Prior to Project Beacon, SSM maintained a hybrid chart, using a legacy McKesson system for patient registration and certain financial applications, paper for most clinical documentation, and a few best-of-breed systems scattered in ancillary departments, such as anesthesia. Eventually, SSM will replace the legacy McKesson systems with an integrated clinical/financial suite from Epic, but it has opted to put in the clinical side first. It will scan documents from its old financial system, making them available to users at a hospital deploying the new clinical system. Likewise, it will scan any documentation from its anesthesia system until it gets replaced by its modern Epic counterpart.

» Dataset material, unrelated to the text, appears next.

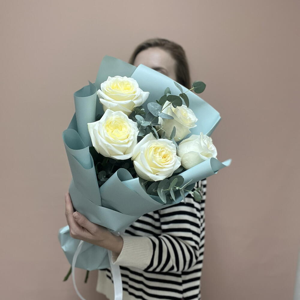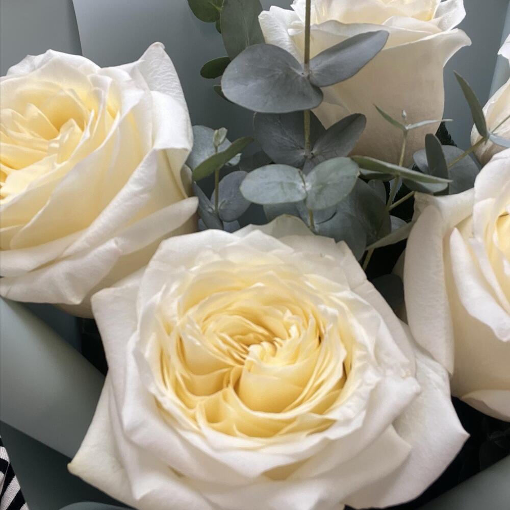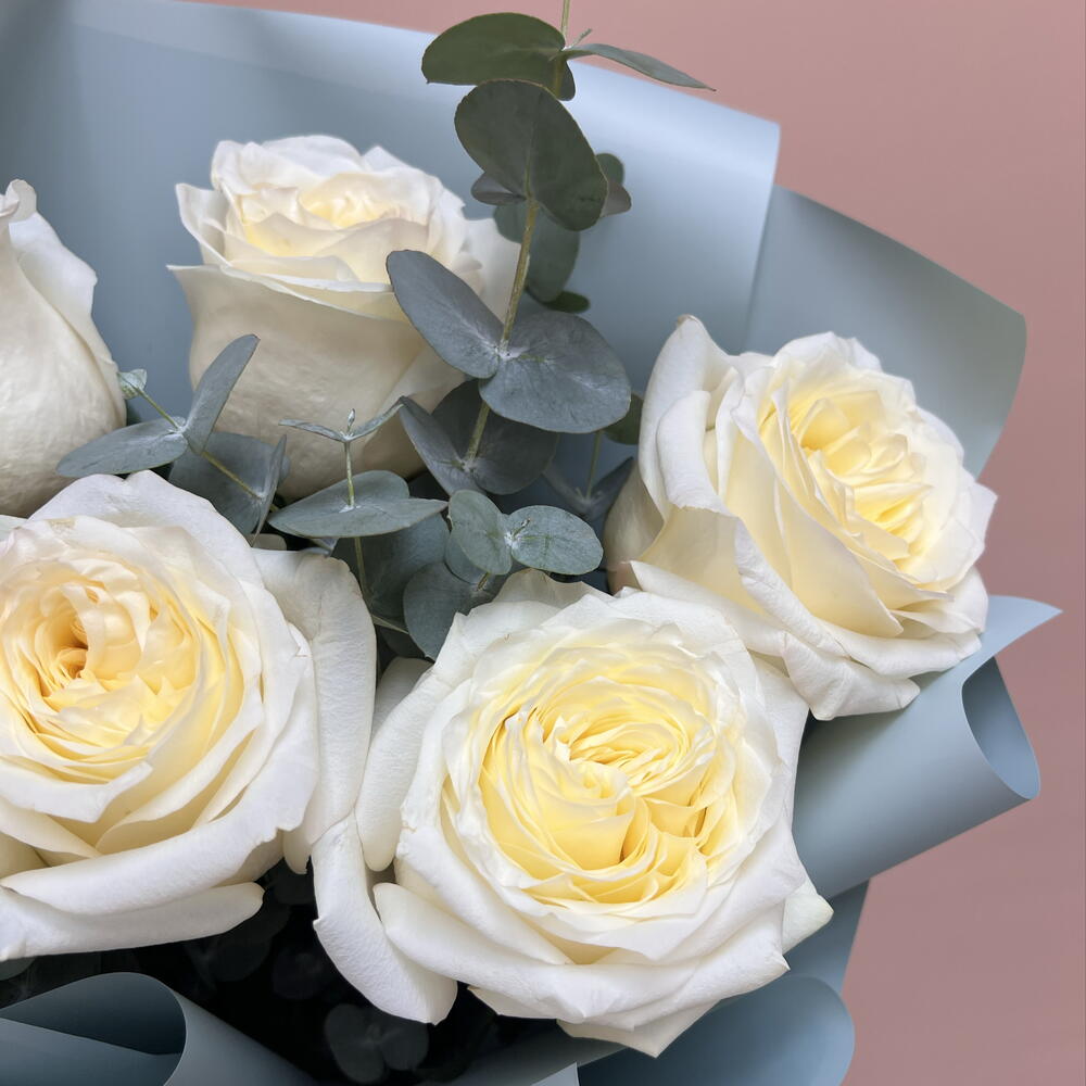 Нежный букет из ароматных пионовидных роз с эвкалиптом

Training on the various systems has been the big challenge, says Amanda Blase, team leader, health information management. "We are training on Epic and also on Hyland," she says. "Meanwhile, employees are required to keep working in the paper system they were used to. Time management is the issue." The Epic software is closely integrated with the Hyland scanning module, which makes it easier to adjust to a new workflow, adds Hammock.
Transitional bridge
In addition to serving as a transitional bridge to the EHR, a document management system can provide a type of electronic storage cabinet for the multitude of documents generated outside the walls of a provider organization, but which nevertheless support important clinical decision-making. Zangmeister Center, a 16-physician hematology/oncology practice in Columbus, Ohio, introduced a specialty EHR, from Varian Medical Systems, over a decade ago.